(以下は『週刊文春 2023年11月16日号』
『蒼空に擲つ』伊藤秀倫の記事から抜粋)
薩英戦争の発端は、文久2年(1862年)8月21日に起きた生麦事件である。
生麦事件は、薩摩藩の国父・島津久光の行列を横切った4人の英国人が、無礼として斬られた事件だ。

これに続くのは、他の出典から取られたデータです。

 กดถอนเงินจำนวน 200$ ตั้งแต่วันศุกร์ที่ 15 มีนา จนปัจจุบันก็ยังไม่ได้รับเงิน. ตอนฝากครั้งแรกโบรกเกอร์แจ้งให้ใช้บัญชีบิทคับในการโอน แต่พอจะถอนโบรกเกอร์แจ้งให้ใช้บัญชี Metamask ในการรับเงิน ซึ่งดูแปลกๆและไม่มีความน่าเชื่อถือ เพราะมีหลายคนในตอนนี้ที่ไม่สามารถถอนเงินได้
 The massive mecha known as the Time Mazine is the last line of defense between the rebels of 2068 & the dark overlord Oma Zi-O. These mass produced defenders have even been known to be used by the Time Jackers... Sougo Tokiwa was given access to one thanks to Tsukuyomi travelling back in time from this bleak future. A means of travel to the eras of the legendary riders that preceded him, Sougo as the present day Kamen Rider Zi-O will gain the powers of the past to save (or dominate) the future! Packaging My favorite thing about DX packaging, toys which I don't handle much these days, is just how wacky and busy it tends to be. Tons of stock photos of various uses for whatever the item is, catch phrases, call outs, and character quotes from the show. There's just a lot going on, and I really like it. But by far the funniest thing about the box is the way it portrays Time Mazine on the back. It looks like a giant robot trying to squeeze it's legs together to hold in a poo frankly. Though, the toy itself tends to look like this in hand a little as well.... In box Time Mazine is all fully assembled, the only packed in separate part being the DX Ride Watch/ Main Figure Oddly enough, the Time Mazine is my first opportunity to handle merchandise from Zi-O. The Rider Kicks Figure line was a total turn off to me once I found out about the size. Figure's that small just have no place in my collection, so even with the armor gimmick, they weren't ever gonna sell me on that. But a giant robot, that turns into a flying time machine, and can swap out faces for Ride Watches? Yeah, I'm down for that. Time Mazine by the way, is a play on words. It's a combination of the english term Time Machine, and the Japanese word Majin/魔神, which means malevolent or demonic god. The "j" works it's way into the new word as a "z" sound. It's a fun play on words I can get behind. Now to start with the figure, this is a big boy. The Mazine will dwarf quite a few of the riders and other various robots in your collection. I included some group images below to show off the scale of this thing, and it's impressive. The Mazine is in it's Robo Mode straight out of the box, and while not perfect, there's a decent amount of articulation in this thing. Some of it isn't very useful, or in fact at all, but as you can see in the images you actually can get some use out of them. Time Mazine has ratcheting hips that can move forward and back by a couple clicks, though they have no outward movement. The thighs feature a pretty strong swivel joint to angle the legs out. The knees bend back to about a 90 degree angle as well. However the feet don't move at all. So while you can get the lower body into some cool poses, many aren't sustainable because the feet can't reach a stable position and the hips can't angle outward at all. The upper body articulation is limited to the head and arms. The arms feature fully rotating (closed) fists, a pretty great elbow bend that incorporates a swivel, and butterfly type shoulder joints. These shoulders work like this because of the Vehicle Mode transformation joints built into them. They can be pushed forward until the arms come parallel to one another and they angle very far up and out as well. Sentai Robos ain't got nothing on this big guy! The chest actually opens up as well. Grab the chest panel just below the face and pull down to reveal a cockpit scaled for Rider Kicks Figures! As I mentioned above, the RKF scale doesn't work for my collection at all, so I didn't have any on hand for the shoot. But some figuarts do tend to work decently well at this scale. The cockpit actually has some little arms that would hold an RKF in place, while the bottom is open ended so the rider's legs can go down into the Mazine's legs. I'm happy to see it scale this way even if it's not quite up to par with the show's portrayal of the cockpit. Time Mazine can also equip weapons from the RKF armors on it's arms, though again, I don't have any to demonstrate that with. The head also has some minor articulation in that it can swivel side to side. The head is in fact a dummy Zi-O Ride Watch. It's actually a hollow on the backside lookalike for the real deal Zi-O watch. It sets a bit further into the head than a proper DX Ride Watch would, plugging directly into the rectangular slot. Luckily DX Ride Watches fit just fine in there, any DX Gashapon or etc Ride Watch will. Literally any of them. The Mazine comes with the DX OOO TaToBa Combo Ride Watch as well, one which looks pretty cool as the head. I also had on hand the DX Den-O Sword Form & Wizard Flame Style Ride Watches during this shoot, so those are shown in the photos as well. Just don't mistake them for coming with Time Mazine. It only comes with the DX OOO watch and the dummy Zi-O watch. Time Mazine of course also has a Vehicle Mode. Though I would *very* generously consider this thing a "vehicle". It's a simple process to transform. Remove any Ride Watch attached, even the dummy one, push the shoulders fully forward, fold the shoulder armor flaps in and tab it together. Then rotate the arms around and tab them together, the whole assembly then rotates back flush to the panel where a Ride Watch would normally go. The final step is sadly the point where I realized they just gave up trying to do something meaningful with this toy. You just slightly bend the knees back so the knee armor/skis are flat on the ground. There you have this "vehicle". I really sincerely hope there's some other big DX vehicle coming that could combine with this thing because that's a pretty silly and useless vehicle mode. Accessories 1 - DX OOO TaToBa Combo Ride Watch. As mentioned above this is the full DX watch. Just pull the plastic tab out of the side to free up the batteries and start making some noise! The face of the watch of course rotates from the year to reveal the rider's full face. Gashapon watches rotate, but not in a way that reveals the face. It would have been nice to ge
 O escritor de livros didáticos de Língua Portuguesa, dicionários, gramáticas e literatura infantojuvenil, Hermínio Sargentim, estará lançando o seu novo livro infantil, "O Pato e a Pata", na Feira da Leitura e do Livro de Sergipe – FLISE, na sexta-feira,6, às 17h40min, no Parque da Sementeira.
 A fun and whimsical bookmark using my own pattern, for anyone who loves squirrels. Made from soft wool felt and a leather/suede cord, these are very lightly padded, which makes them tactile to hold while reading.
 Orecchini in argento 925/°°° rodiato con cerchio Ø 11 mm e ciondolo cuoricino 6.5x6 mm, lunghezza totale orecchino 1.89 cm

英国政府はこれに対し、文久3年に幕府と薩摩藩に謝罪と賠償金を求めた。
幕府は要求を呑んだが、薩摩藩は拒否した。
英国は言う事を聞かない薩摩藩に対し、7隻の艦隊を送って武力で解決しようとした。
文久3年6月28日に、英艦隊は薩摩沖に錨を下ろした。
英艦隊は、生事事件の主犯の死刑と、2.5万ポンドの賠償金を要求し、「24時間以内に回答がなければ武力手段をとる」と脅した。
島津久光と藩主の島津忠義は、家臣の奈良原喜左衛門と海江田武次(信義)を呼び出した。
この2人は、生麦事件の主犯であった。
久光は怒りを込めつつ、「生麦事件の非は英国側にある。だから英国側の将兵を皆殺しにして、 7隻の船を奪え。」と命じた。
奈良原と海江田の2人は、英国艦隊と戦うため有志を募ることにしたが、たちまち 81人が集まった。
その中には、西郷従道、大山巌、篠原国幹といった、明治後に大官になる者もいた。
彼らは寺田屋事件の生き残りだが、謹慎はすでに解かれていた。
決死隊81人は、次の計画を立てた。
英国艦隊は、薪や果物の提供・補給を求めていた。
そこで西瓜売りに変装して舟で近づき、一斉に斬り込むというのだ。
6月29日に藩主・島津忠義は、決死隊の者たちに酒をふるまい、涙を流しながら「死ぬ気で頑張るよう頼む」と声をかけた。
決死階は10人ほどが1組となって、8つの舟に分乗して英艦隊に近付いた。
しかし怪しまれて、襲撃計画は失敗に終わった。
英艦隊のキューパー提督は、決死隊の動きを敵対行為の偵察と判断し、交戦の準備に入った。
そして7月2日に錦江湾に停泊していた薩摩藩の船を襲い拿捕した。
ここに至り薩英戦争がスタートし、死者13名(そのうち艦長が1名)、負傷者50名を出した英艦隊は7月4日に錦江湾を去った。
薩摩側の被害は、城下を焼かれ、全砲台が大破し、死者5名、負傷者は10数名だった。